Said simply: I seem to have a lot of time on my hands, and I don’t know what to do with it. The mind seeks to be distracted or wishes to be engaged, not entirely at ease with itself. Until I meditate – then the anchor drops quite easily and naturally into peaceful understanding and being.

But then, there is this world to live in, and things to do. Apparently. I am quite busy every day, including weekends, but those things are easily accomplished without much fuss; despite the variety, it all feels the same. Somehow, there seems to be so much time on hand with no real desire to do anything with it. There is no overarching drive, ambition, purpose, or meaning to pursue. Nor is there despair. It is just a greyness that the mind is revolting against.

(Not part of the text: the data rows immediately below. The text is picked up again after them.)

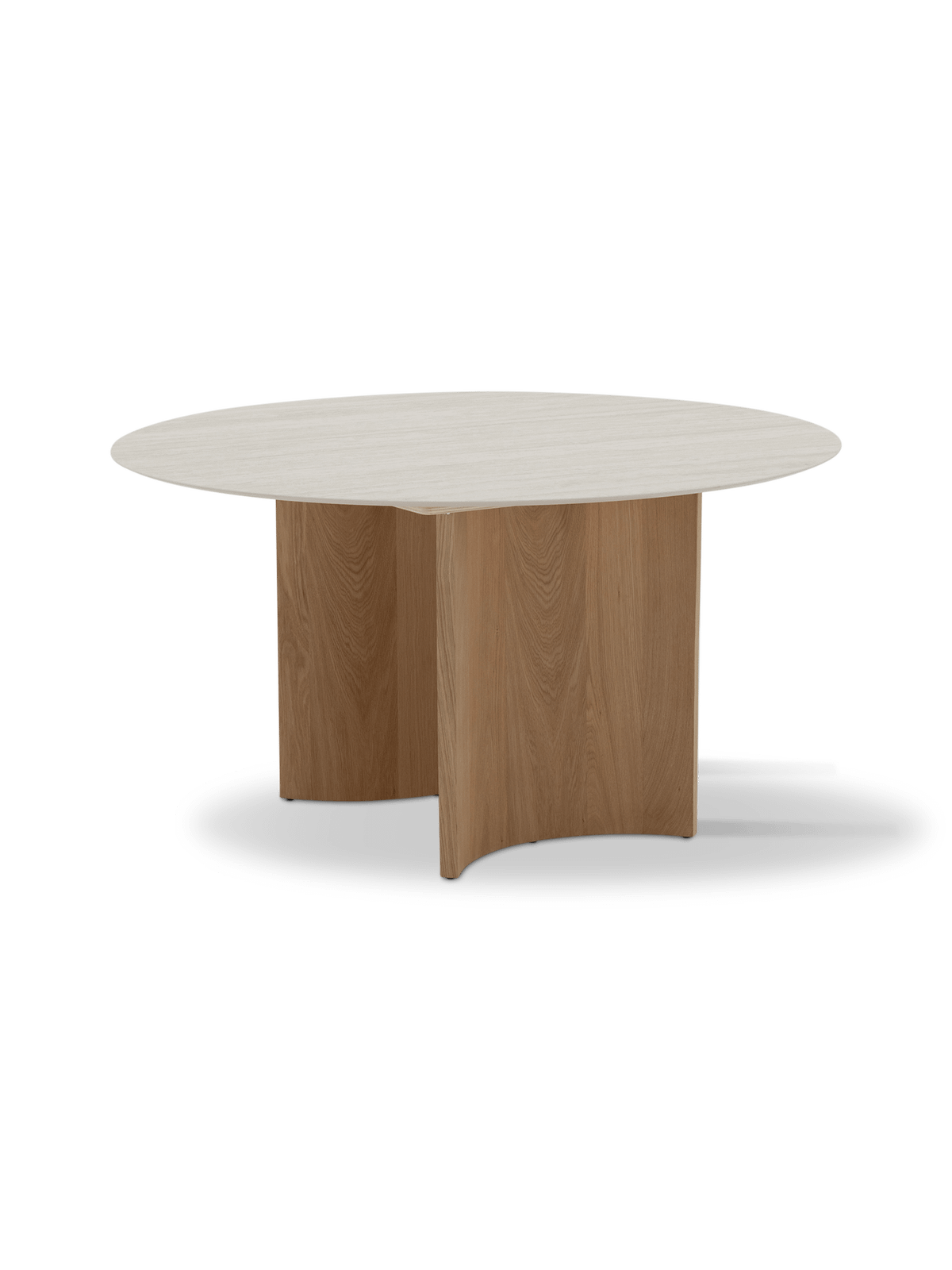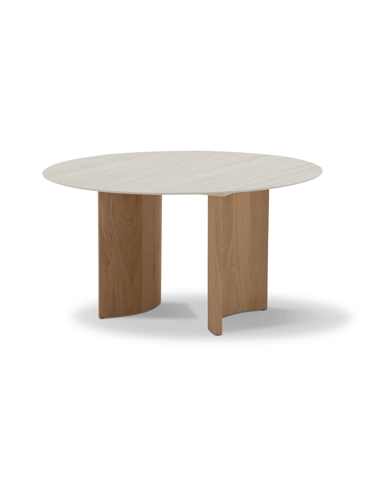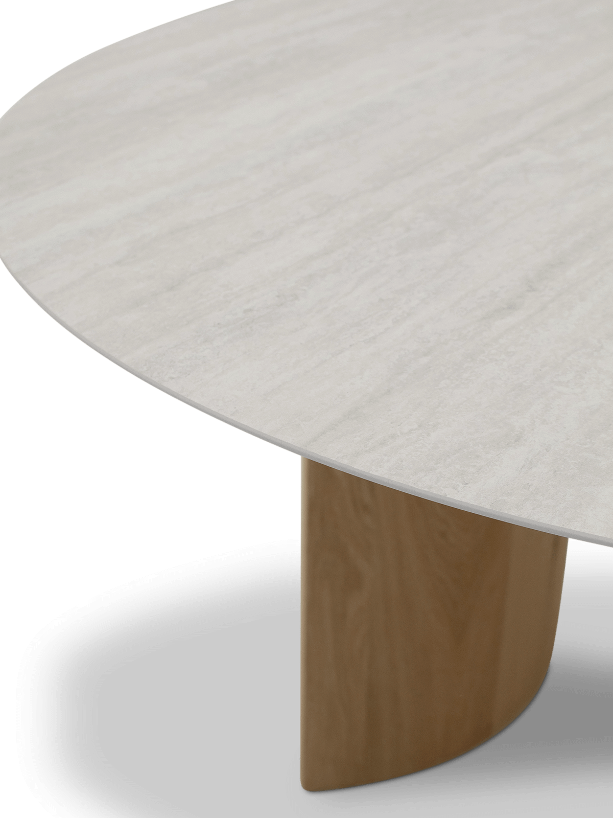 De afgeronde vormen van het travertijnen blad en de gebogen eiken poten versterken elkaar in een uitgebalanceerd geheel. Deze tafel past moeiteloos in moderne, natuurlijke of Japandi-interieurs — en geeft elke ruimte een serene, verfijnde uitstraling.
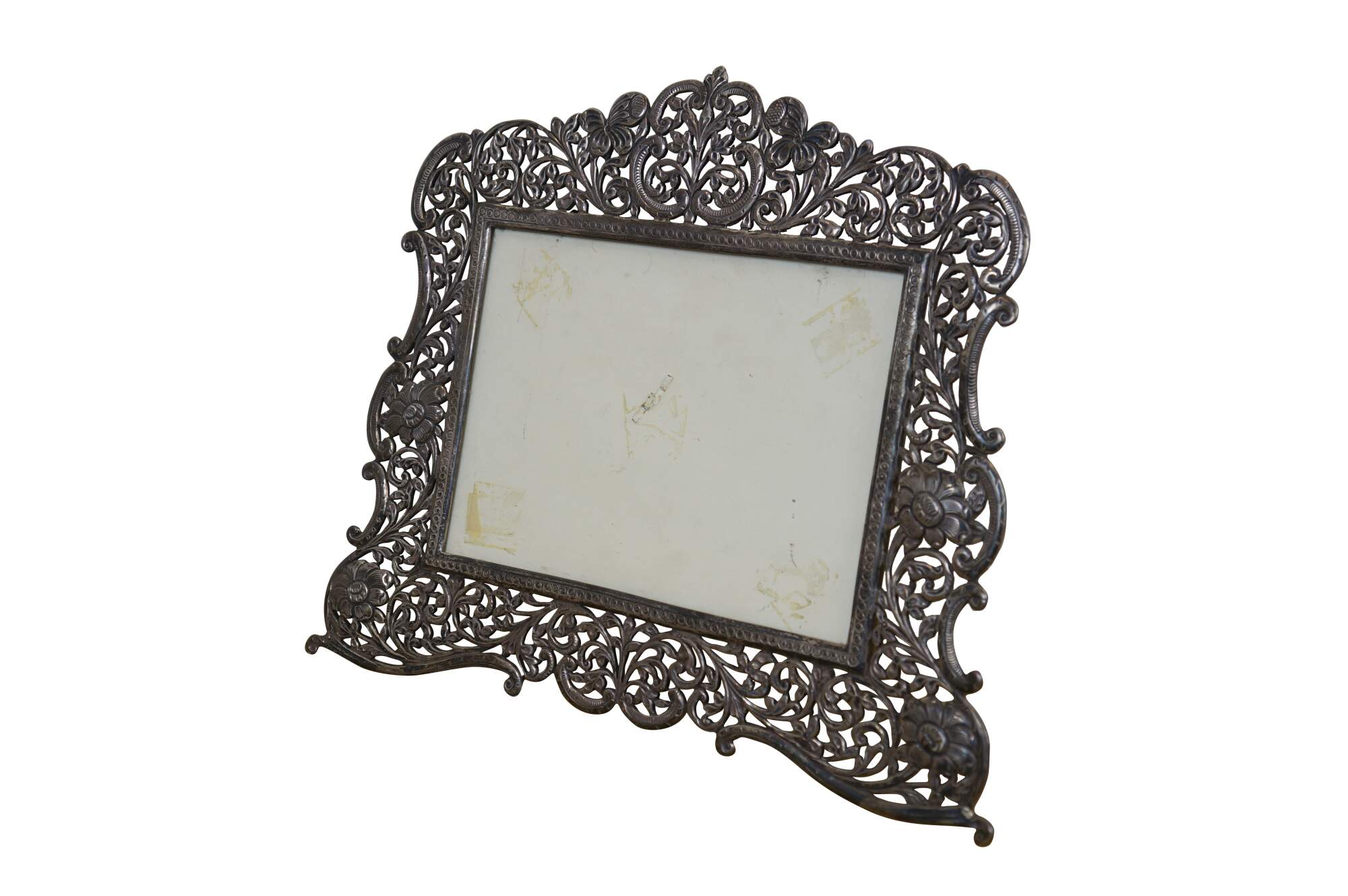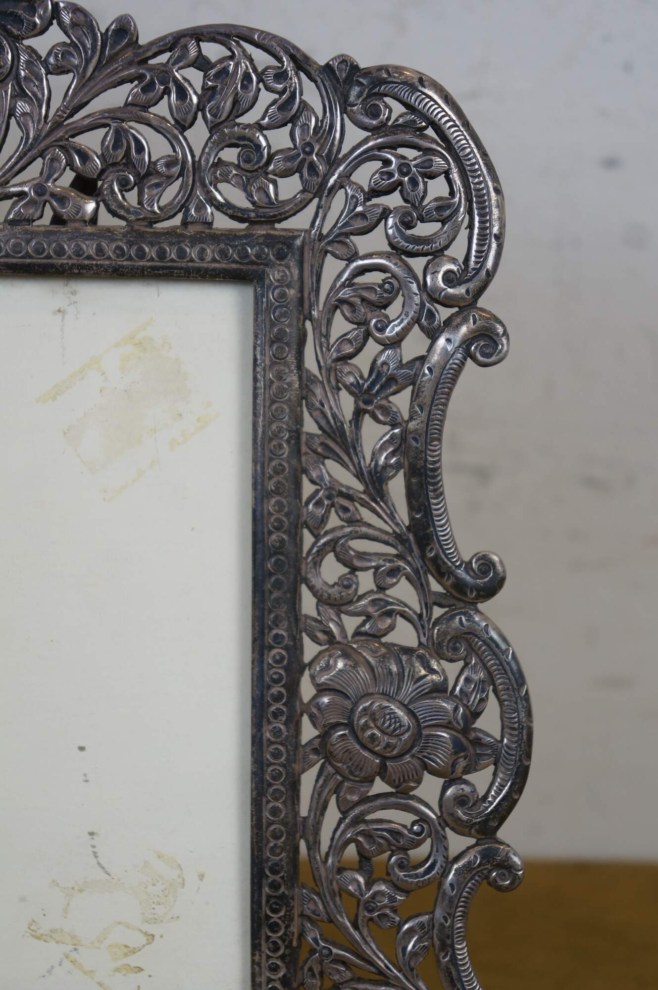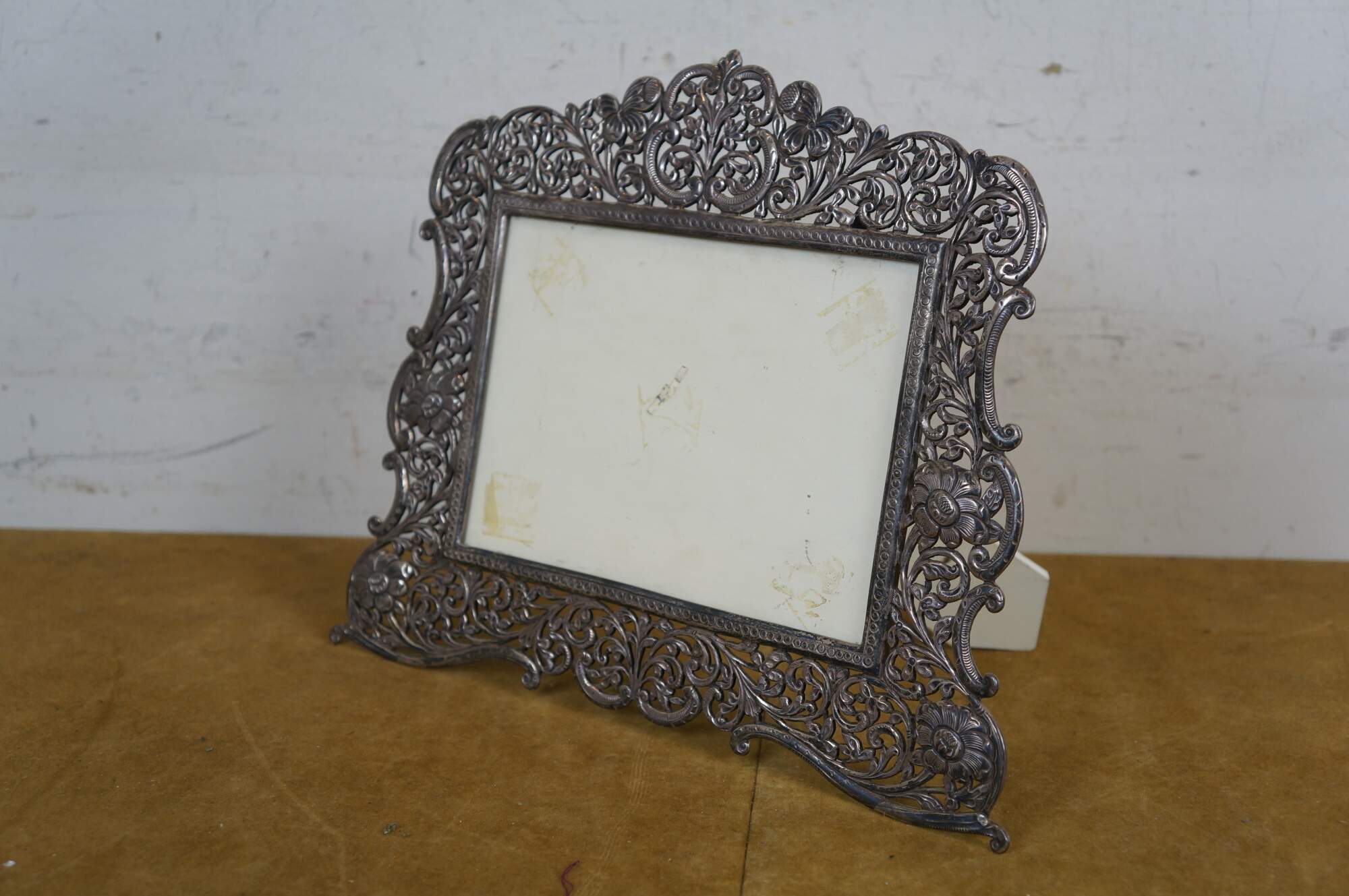 925 sterling silver art nouveau style horizontal rectangular picture / photo frame featuring pierced, swirling floral and foliate filigree. Easel back.
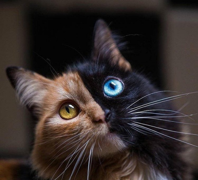 En plus d’avoir le visage « coupé » en deux, il a les yeux vairons !
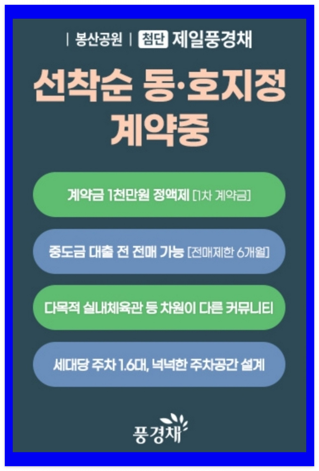 봉산공원 첨단 제일풍경채는 봉산공원의 쾌적한 자연환경과 첨단지구 생활권을 모두 누릴 수 있어 정주 여건이 우수한 대단지 브랜드 아파트입니다.

I could easily add some color with activities, and then what? Would it be more meaningful or satisfying? Or would it feel like cotton candy that disappears before you sink your teeth into it, leaving behind a pinky stickiness at best?


There is another iconic scene in the movie where the universe seems to end with the death of Chuck. (Sorry about the lack of warning about these spoilers. Hopefully, you have seen the movie already, or you are not planning to! Lol.)

It seems to me that the universe comes into being and ends with each of us, rather than pre-existing as an objective, independent entity into which we are born. Remarkably, our universes have intersections and seem largely similar, but our lived experience seems to be unique, and yet equally inconsequential. Not in a nihilistic way – “nothing matters, so why bother?”; rather, in the way that everything matters only as an expression, not as a thing in itself.

The expression seems to have no extraneous meaning or purpose beyond itself. It just is.

In some strangely unorchestrated manner, there is a sense of being a participant and an observer at the same time, and there’s a pull towards the source.


To quote Chuck, or rather, Walt Whitman:

Song of Myself, 51

The past and present wilt—I have fill’d them, emptied them.
And proceed to fill my next fold of the future.

Listener up there! what have you to confide to me?
Look in my face while I snuff the sidle of evening,
(Talk honestly, no one else hears you, and I stay only a minute longer.)

Do I contradict myself?
Very well then I contradict myself,
(I am large, I contain multitudes.)

I concentrate toward them that are nigh, I wait on the door-slab.

Who has done his day’s work? who will soonest be through with his supper?
Who wishes to walk with me?

Will you speak before I am gone? will you prove already too late?


Perhaps I should cycle back to the first few lines of this glorious poem:

I celebrate myself, and sing myself,
And what I assume you shall assume,
For every atom belonging to me as good belongs to you

But it’s too celebratory in tone. I might just rest with it for a while until it feels real. Or, in a further twist of contradiction, perhaps I will act on Feynman’s advice:

Fall in love with some activity, and do it! Nobody ever figures out what life is all about, and it doesn’t matter. Explore the world. Nearly everything is really interesting if you go into it deeply enough.